> Assigned task:
Each line below needs to be returned exactly. Skip any picture.

##### Given entries

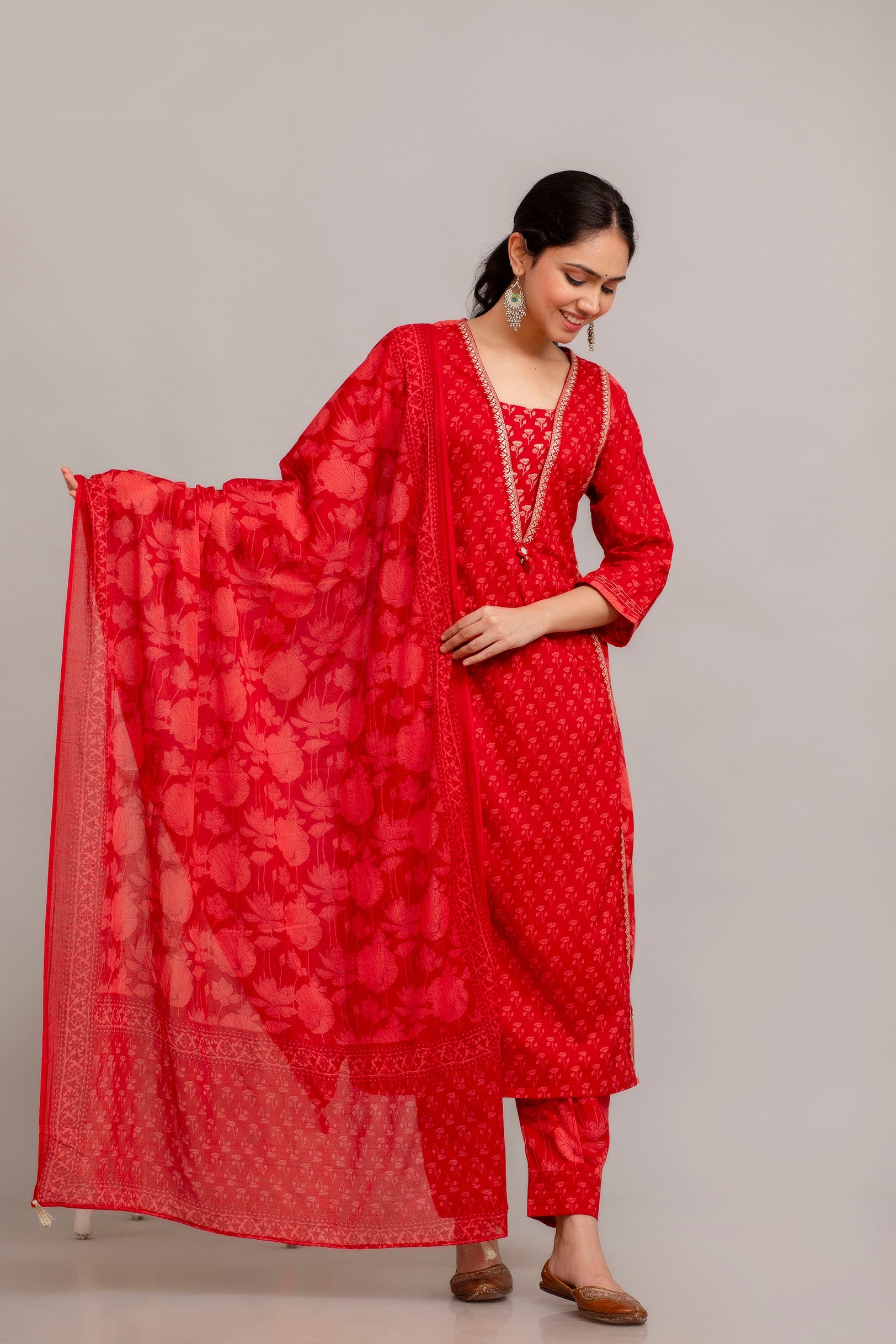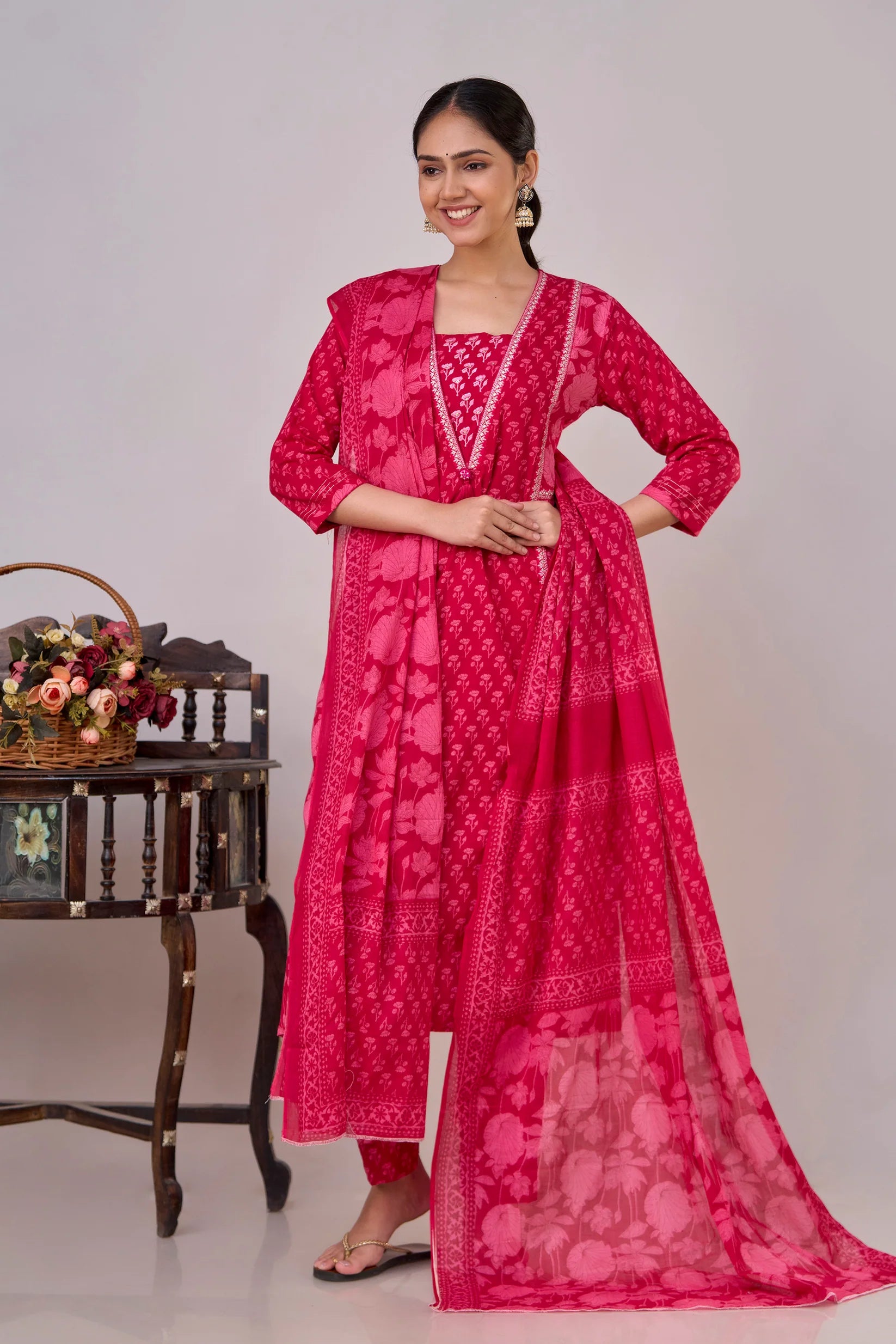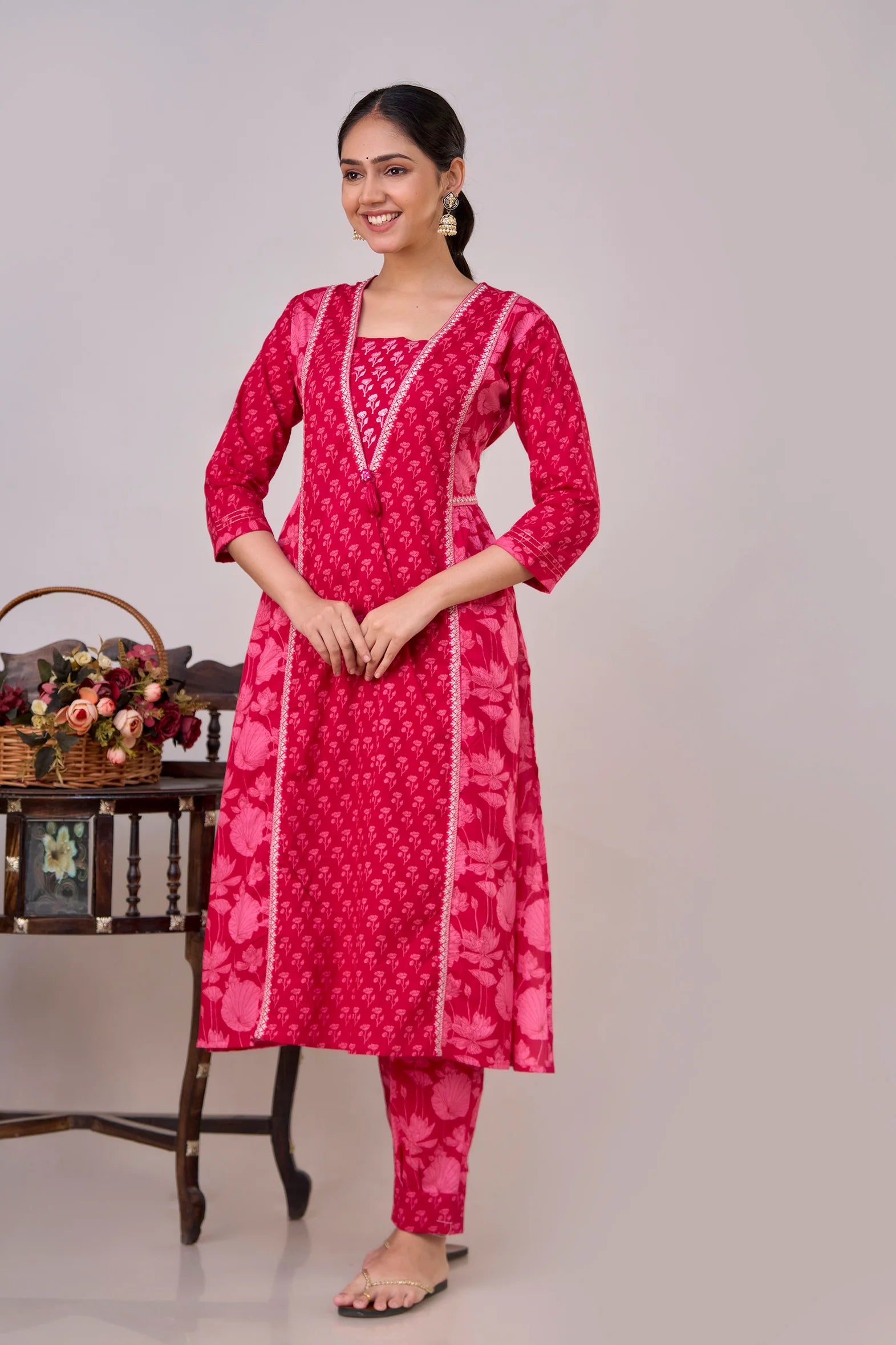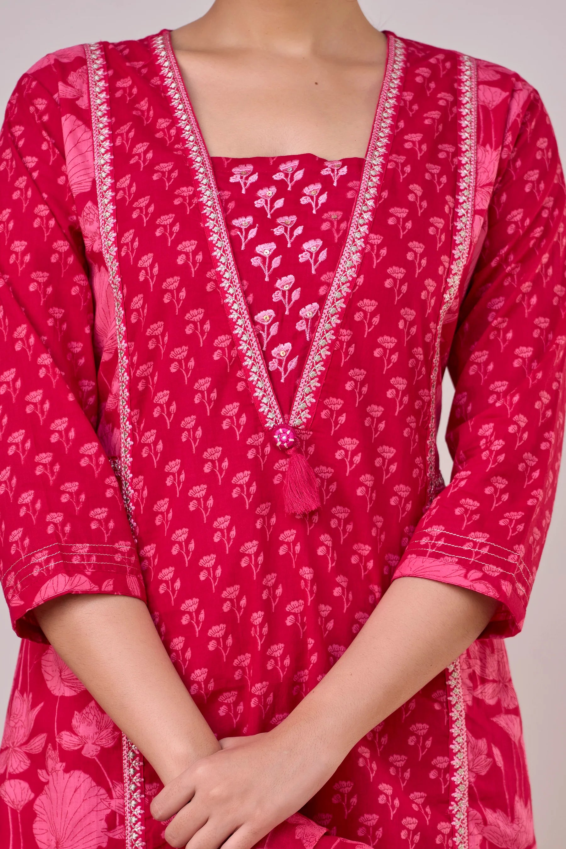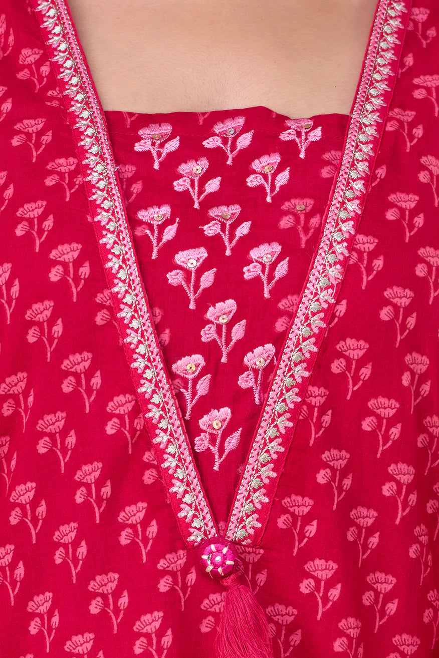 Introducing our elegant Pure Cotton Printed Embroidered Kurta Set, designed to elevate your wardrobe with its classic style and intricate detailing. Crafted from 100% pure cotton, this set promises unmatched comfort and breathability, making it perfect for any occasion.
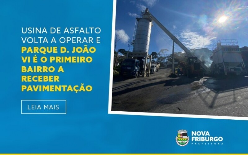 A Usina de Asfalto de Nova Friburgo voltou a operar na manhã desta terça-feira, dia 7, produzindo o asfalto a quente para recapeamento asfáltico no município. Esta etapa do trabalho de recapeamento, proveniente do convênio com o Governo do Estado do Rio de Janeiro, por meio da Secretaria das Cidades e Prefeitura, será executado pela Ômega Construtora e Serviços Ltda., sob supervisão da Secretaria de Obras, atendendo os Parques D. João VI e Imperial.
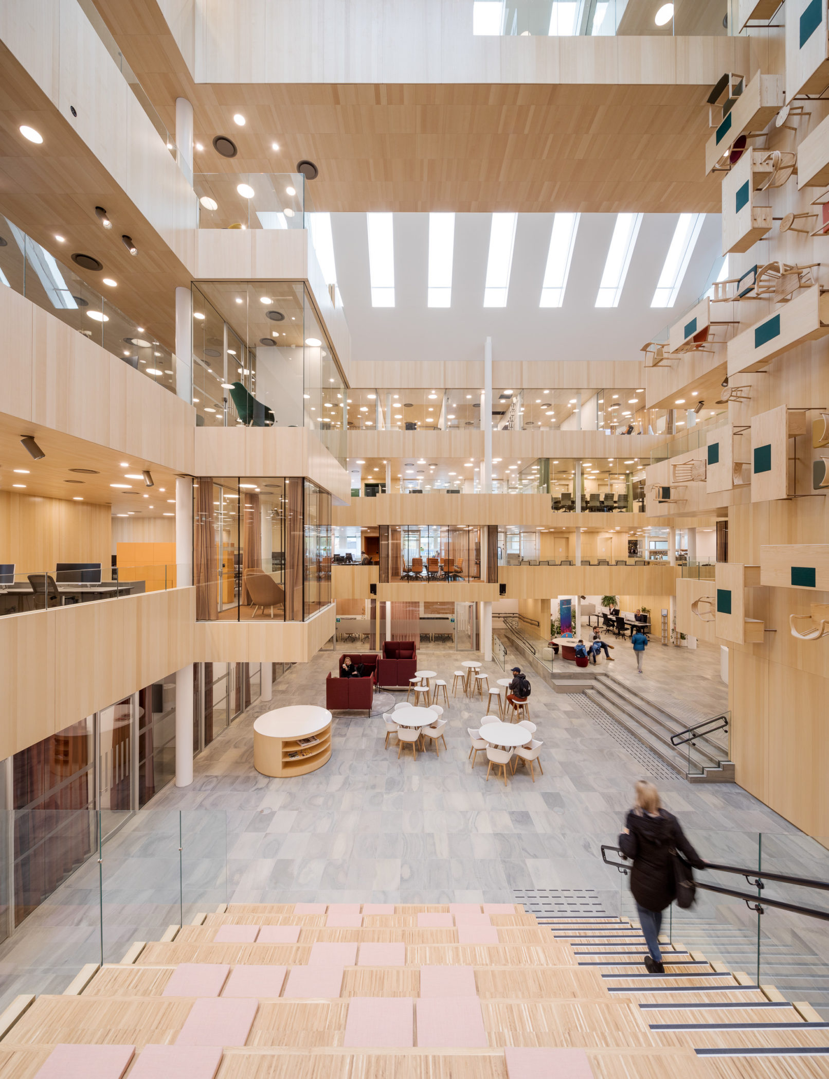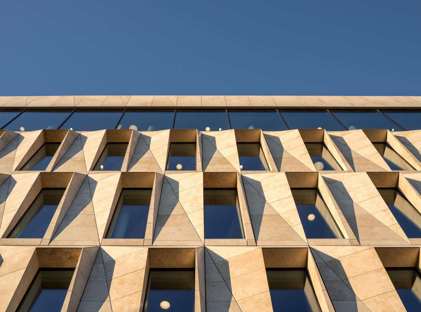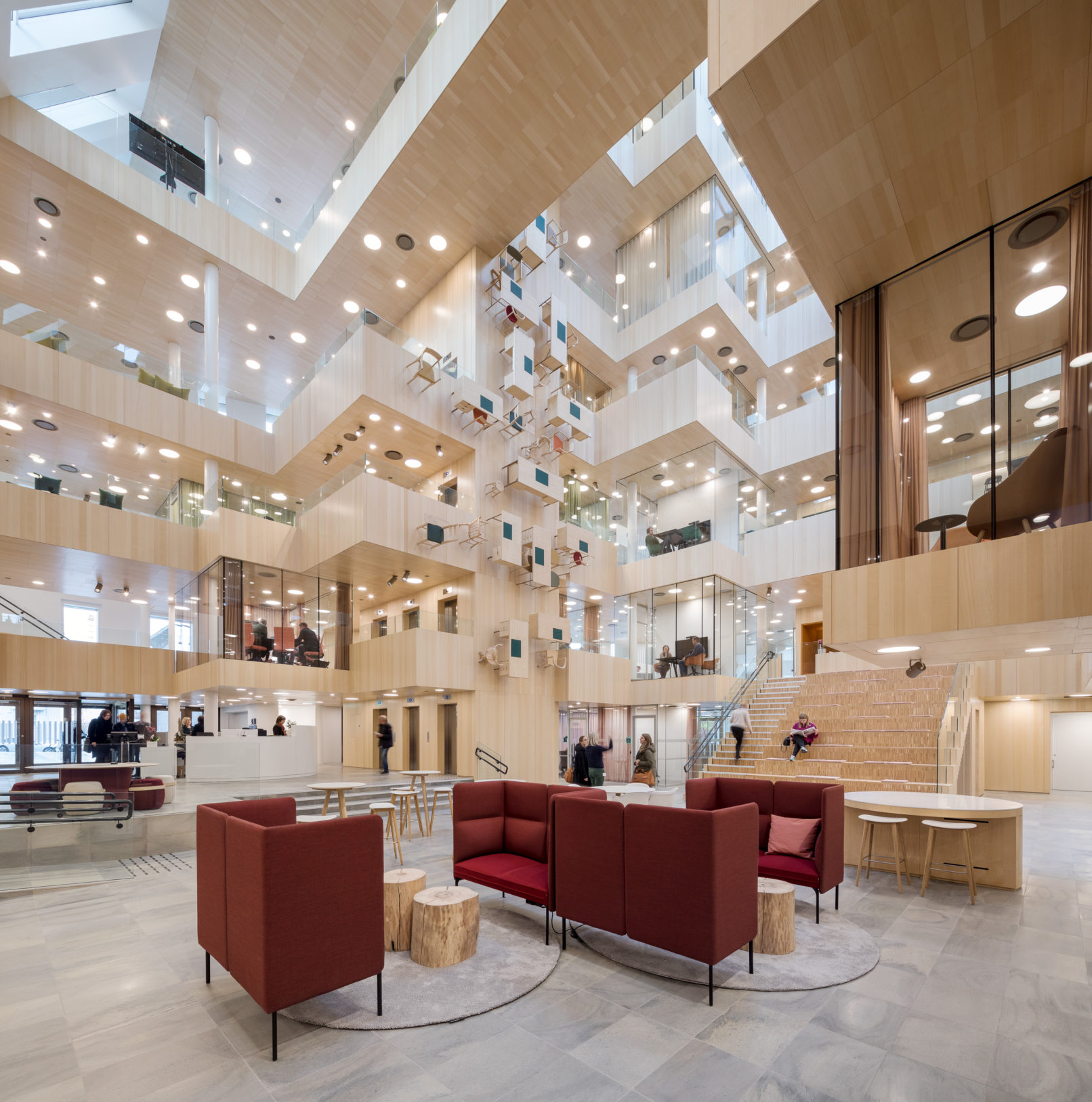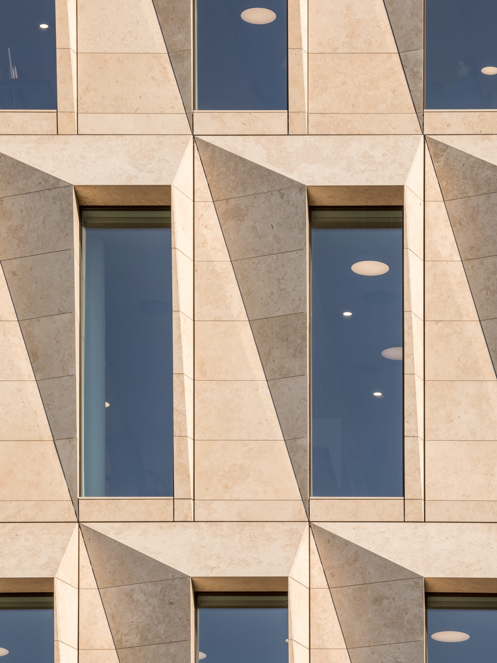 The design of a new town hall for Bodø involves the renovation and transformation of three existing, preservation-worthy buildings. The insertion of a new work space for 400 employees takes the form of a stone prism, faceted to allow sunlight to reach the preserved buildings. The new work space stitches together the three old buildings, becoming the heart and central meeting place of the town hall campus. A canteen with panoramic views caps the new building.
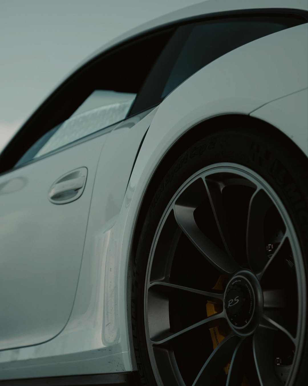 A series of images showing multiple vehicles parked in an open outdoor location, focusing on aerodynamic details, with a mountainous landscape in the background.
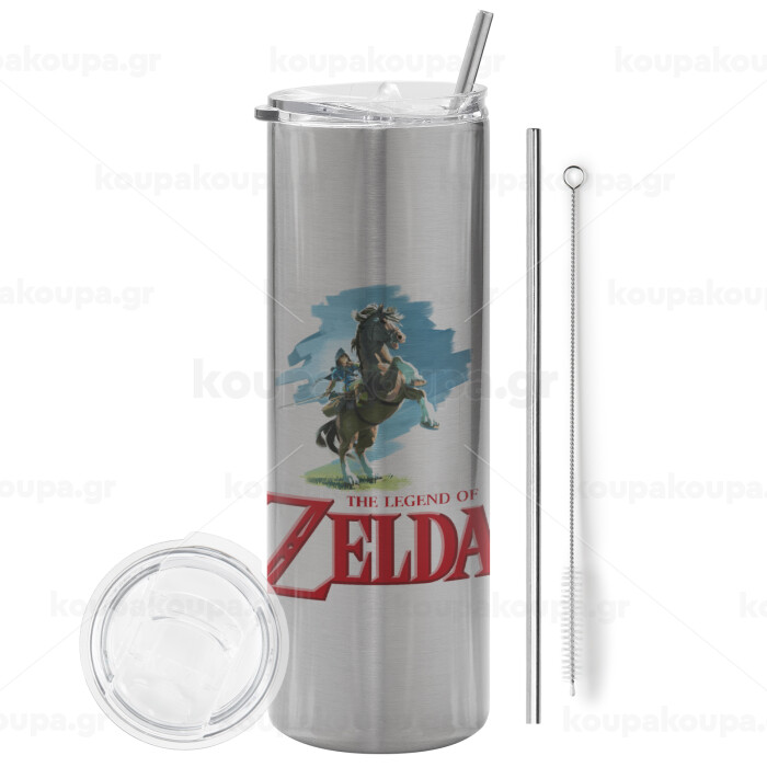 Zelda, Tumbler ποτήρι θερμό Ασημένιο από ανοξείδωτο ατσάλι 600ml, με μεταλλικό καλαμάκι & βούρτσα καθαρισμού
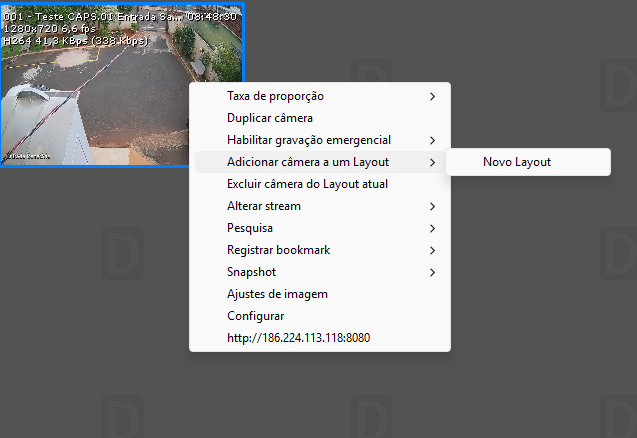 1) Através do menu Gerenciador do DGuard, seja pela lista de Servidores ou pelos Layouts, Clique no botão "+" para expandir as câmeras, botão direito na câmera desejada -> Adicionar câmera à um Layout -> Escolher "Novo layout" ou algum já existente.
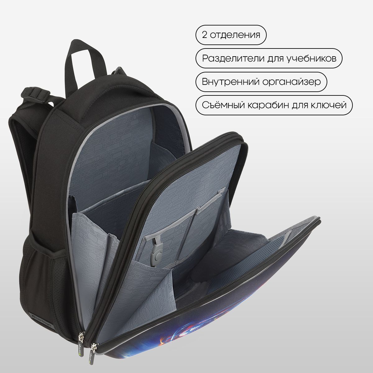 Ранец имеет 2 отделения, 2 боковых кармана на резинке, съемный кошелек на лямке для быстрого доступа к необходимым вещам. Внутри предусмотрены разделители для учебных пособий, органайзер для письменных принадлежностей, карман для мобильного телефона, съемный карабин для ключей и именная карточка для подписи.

##########

> Task answer:
 Introducing our elegant Pure Cotton Printed Embroidered Kurta Set, designed to elevate your wardrobe with its classic style and intricate detailing. Crafted from 100% pure cotton, this set promises unmatched comfort and breathability, making it perfect for any occasion.
 A Usina de Asfalto de Nova Friburgo voltou a operar na manhã desta terça-feira, dia 7, produzindo o asfalto a quente para recapeamento asfáltico no município. Esta etapa do trabalho de recapeamento, proveniente do convênio com o Governo do Estado do Rio de Janeiro, por meio da Secretaria das Cidades e Prefeitura, será executado pela Ômega Construtora e Serviços Ltda., sob supervisão da Secretaria de Obras, atendendo os Parques D. João VI e Imperial.
 The design of a new town hall for Bodø involves the renovation and transformation of three existing, preservation-worthy buildings. The insertion of a new work space for 400 employees takes the form of a stone prism, faceted to allow sunlight to reach the preserved buildings. The new work space stitches together the three old buildings, becoming the heart and central meeting place of the town hall campus. A canteen with panoramic views caps the new building.
 A series of images showing multiple vehicles parked in an open outdoor location, focusing on aerodynamic details, with a mountainous landscape in the background.
 Zelda, Tumbler ποτήρι θερμό Ασημένιο από ανοξείδωτο ατσάλι 600ml, με μεταλλικό καλαμάκι & βούρτσα καθαρισμού
 1) Através do menu Gerenciador do DGuard, seja pela lista de Servidores ou pelos Layouts, Clique no botão "+" para expandir as câmeras, botão direito na câmera desejada -> Adicionar câmera à um Layout -> Escolher "Novo layout" ou algum já existente.
 Ранец имеет 2 отделения, 2 боковых кармана на резинке, съемный кошелек на лямке для быстрого доступа к необходимым вещам. Внутри предусмотрены разделители для учебных пособий, органайзер для письменных принадлежностей, карман для мобильного телефона, съемный карабин для ключей и именная карточка для подписи.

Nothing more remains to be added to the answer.